When you reach the line below that has "Панель стінова 3D", start returning lines exactly, and stop after the line that has "We gathered at"; skip the pictures.

== RECORD SET

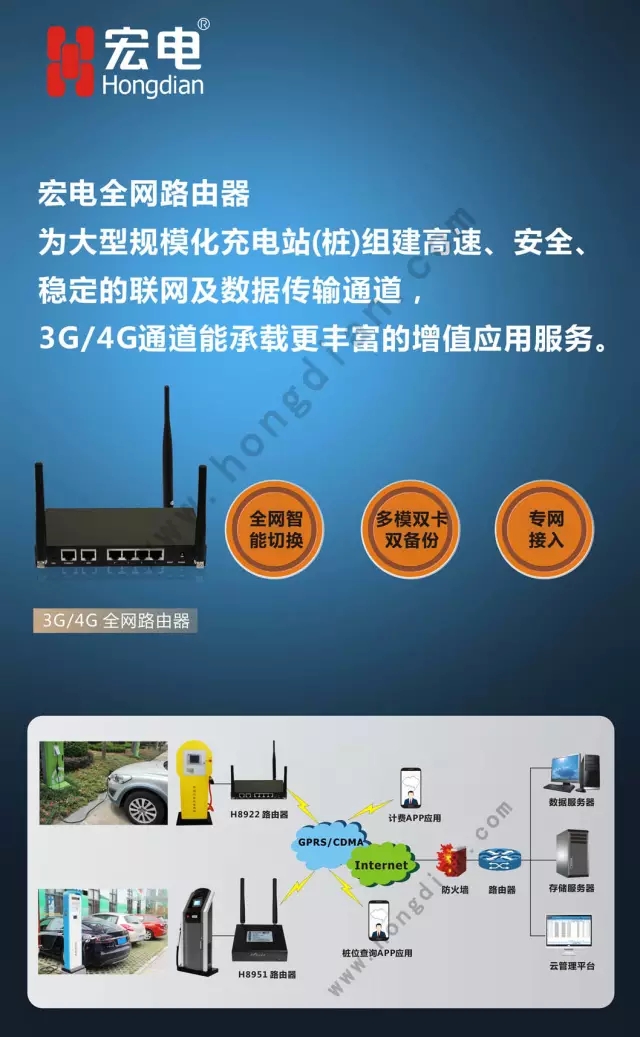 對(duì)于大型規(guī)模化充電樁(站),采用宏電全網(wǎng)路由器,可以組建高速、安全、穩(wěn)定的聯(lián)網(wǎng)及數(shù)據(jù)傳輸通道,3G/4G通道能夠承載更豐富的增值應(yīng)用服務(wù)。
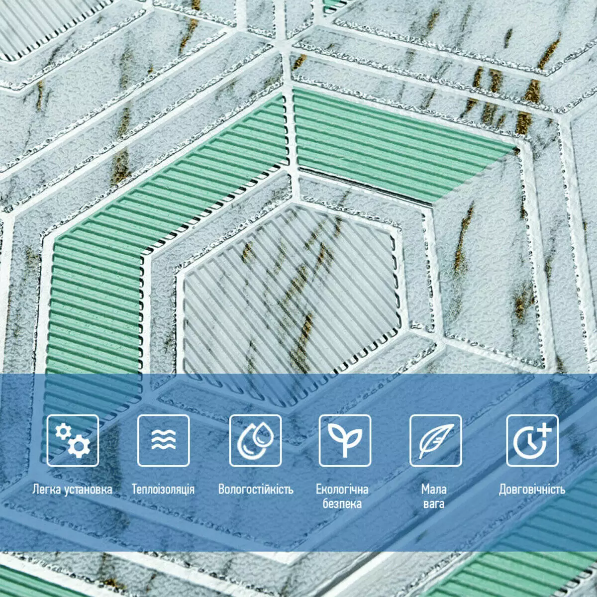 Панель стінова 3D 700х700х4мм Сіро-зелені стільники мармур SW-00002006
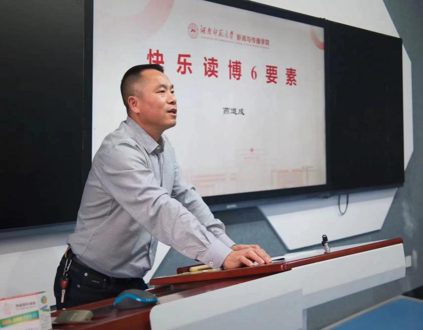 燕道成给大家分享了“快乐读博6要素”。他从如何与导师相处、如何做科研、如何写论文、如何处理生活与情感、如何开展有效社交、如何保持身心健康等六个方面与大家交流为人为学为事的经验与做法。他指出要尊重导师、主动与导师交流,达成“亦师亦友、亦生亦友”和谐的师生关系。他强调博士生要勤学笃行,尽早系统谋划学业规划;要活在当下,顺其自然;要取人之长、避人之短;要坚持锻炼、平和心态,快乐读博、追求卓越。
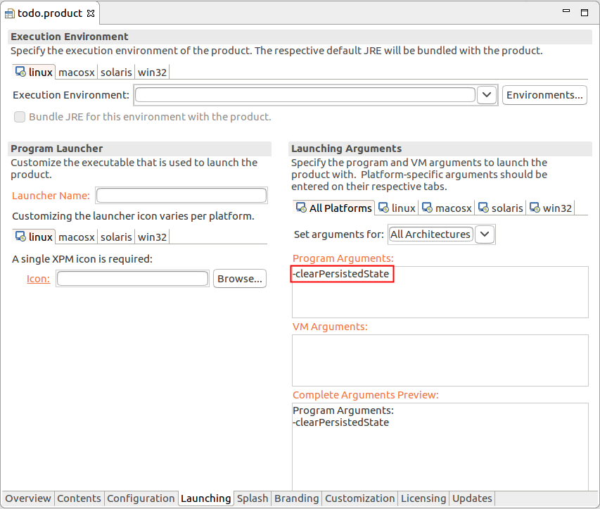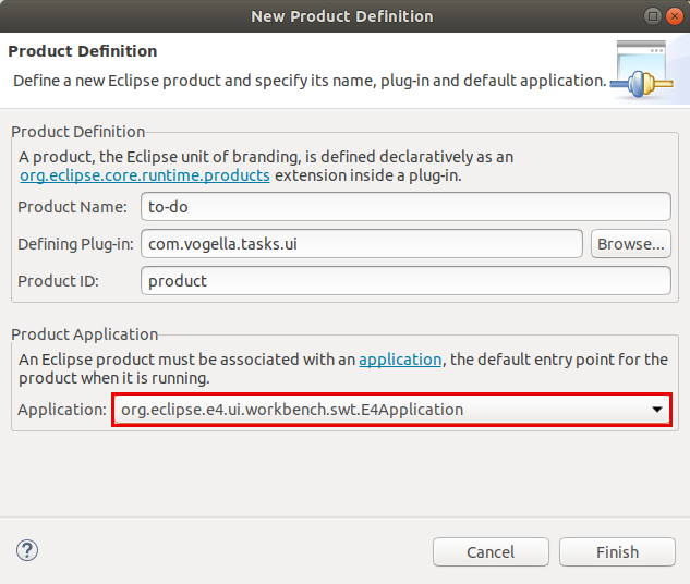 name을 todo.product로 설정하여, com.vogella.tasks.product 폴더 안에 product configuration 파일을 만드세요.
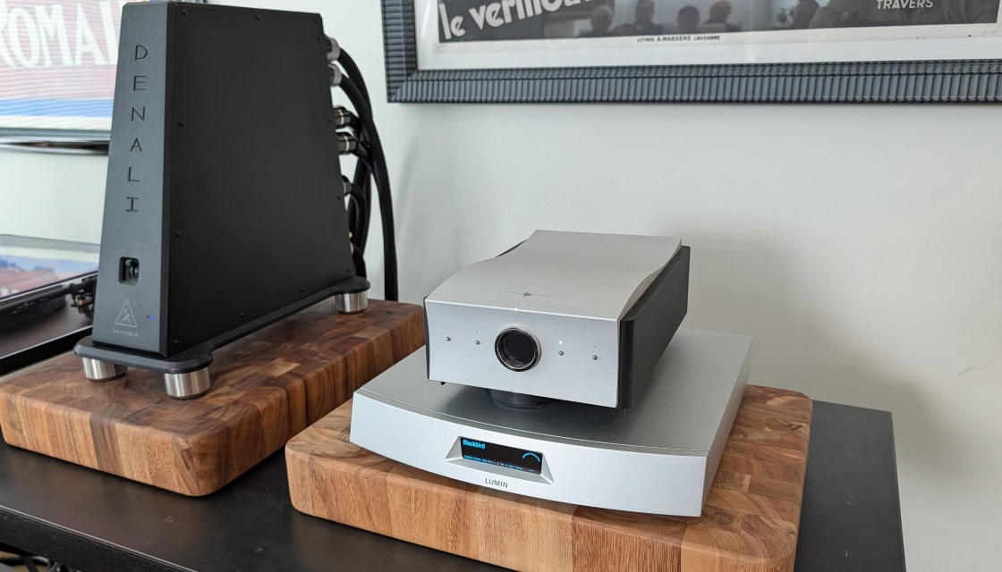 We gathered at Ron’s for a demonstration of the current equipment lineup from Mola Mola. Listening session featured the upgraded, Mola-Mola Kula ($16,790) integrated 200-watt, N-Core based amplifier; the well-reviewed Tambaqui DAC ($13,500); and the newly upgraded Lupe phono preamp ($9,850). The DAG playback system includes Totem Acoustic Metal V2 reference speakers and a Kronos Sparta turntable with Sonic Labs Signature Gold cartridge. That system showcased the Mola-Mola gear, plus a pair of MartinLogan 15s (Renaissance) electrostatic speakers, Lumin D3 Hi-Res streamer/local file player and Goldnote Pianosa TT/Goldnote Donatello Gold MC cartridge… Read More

====
== RECORD SET

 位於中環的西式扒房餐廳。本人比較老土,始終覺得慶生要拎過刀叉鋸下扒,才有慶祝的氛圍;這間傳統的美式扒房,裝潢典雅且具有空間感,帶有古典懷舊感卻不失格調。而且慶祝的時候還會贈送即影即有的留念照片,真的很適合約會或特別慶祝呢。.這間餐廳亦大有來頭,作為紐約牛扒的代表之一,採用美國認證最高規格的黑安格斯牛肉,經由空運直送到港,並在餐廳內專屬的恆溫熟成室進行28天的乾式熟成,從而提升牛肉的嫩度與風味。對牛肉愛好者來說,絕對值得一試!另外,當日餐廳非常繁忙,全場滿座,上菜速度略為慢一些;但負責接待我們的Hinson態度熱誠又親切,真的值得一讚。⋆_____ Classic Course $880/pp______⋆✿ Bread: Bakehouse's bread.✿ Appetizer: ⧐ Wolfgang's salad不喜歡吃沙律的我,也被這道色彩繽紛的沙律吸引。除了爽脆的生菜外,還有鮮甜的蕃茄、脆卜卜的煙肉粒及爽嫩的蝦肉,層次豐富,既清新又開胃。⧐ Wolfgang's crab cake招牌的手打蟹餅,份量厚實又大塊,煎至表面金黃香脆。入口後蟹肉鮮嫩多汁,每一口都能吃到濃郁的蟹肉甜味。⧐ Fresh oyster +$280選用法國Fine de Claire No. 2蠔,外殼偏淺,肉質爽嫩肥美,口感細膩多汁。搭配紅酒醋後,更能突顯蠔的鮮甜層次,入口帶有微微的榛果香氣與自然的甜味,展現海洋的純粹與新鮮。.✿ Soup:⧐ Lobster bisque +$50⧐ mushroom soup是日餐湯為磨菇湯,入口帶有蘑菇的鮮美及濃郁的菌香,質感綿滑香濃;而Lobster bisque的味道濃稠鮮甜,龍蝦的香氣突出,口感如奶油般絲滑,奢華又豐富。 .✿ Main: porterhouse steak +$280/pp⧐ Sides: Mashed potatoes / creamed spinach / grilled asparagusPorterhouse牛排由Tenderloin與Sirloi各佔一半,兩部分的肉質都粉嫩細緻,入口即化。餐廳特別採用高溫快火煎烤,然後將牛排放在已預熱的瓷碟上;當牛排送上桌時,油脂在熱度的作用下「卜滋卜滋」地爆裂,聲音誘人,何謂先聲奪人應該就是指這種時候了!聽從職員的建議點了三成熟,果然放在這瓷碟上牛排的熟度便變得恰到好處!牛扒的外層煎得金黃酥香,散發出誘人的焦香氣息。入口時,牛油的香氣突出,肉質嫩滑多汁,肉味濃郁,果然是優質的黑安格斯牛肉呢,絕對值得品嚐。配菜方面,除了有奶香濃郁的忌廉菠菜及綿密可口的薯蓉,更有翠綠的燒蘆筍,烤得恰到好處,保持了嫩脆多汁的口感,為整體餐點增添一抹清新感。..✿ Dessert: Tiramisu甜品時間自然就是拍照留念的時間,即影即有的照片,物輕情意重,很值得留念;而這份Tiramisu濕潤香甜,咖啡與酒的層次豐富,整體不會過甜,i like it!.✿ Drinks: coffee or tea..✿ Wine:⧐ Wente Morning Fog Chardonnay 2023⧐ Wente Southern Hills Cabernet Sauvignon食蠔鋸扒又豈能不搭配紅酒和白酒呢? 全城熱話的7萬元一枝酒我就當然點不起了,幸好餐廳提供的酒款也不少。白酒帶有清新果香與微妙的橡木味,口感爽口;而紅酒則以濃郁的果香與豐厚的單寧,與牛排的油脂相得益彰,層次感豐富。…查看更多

====
== RECORD SET

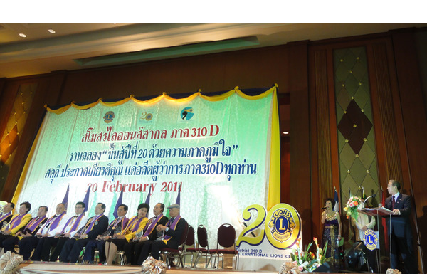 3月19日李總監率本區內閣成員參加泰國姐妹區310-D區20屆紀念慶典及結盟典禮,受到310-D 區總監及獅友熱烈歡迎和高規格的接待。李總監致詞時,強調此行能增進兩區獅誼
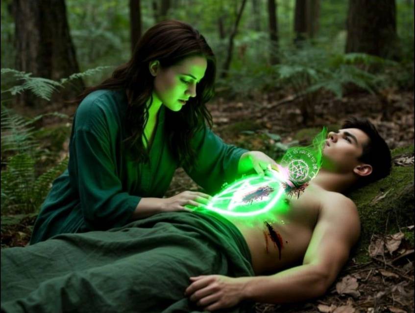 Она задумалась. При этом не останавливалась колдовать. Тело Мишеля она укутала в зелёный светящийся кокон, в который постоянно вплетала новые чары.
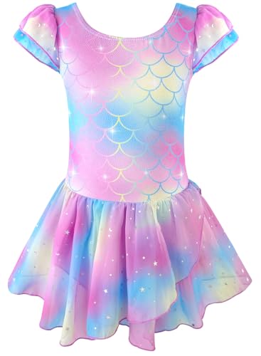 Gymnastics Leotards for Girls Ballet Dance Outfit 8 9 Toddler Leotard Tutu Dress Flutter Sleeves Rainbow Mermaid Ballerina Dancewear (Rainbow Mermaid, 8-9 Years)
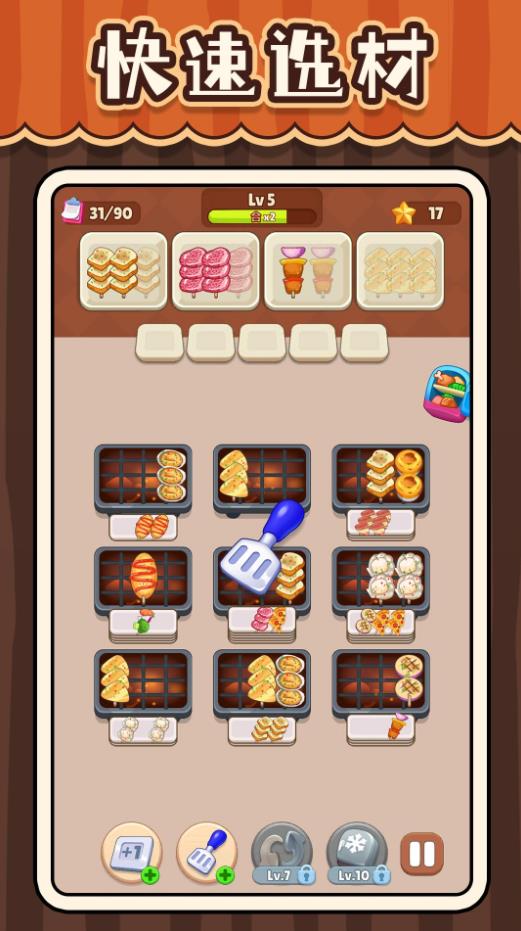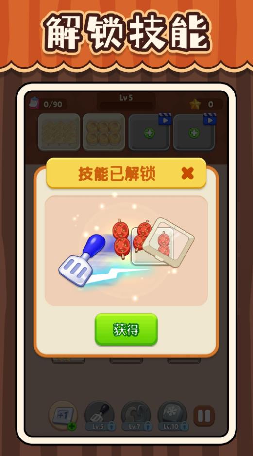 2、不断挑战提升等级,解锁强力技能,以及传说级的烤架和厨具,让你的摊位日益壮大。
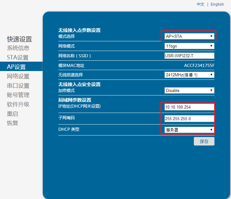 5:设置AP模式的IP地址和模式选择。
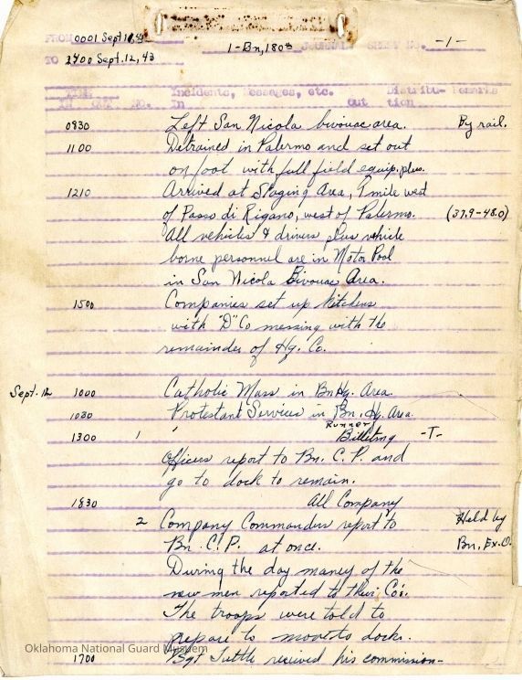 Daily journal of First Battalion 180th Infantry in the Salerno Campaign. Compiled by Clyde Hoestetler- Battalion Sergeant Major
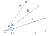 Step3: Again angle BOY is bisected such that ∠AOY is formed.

====

** RESPONSE TO THE TASK **
 Панель стінова 3D 700х700х4мм Сіро-зелені стільники мармур SW-00002006
 燕道成给大家分享了“快乐读博6要素”。他从如何与导师相处、如何做科研、如何写论文、如何处理生活与情感、如何开展有效社交、如何保持身心健康等六个方面与大家交流为人为学为事的经验与做法。他指出要尊重导师、主动与导师交流,达成“亦师亦友、亦生亦友”和谐的师生关系。他强调博士生要勤学笃行,尽早系统谋划学业规划;要活在当下,顺其自然;要取人之长、避人之短;要坚持锻炼、平和心态,快乐读博、追求卓越。
 name을 todo.product로 설정하여, com.vogella.tasks.product 폴더 안에 product configuration 파일을 만드세요.
 We gathered at Ron’s for a demonstration of the current equipment lineup from Mola Mola. Listening session featured the upgraded, Mola-Mola Kula ($16,790) integrated 200-watt, N-Core based amplifier; the well-reviewed Tambaqui DAC ($13,500); and the newly upgraded Lupe phono preamp ($9,850). The DAG playback system includes Totem Acoustic Metal V2 reference speakers and a Kronos Sparta turntable with Sonic Labs Signature Gold cartridge. That system showcased the Mola-Mola gear, plus a pair of MartinLogan 15s (Renaissance) electrostatic speakers, Lumin D3 Hi-Res streamer/local file player and Goldnote Pianosa TT/Goldnote Donatello Gold MC cartridge… Read More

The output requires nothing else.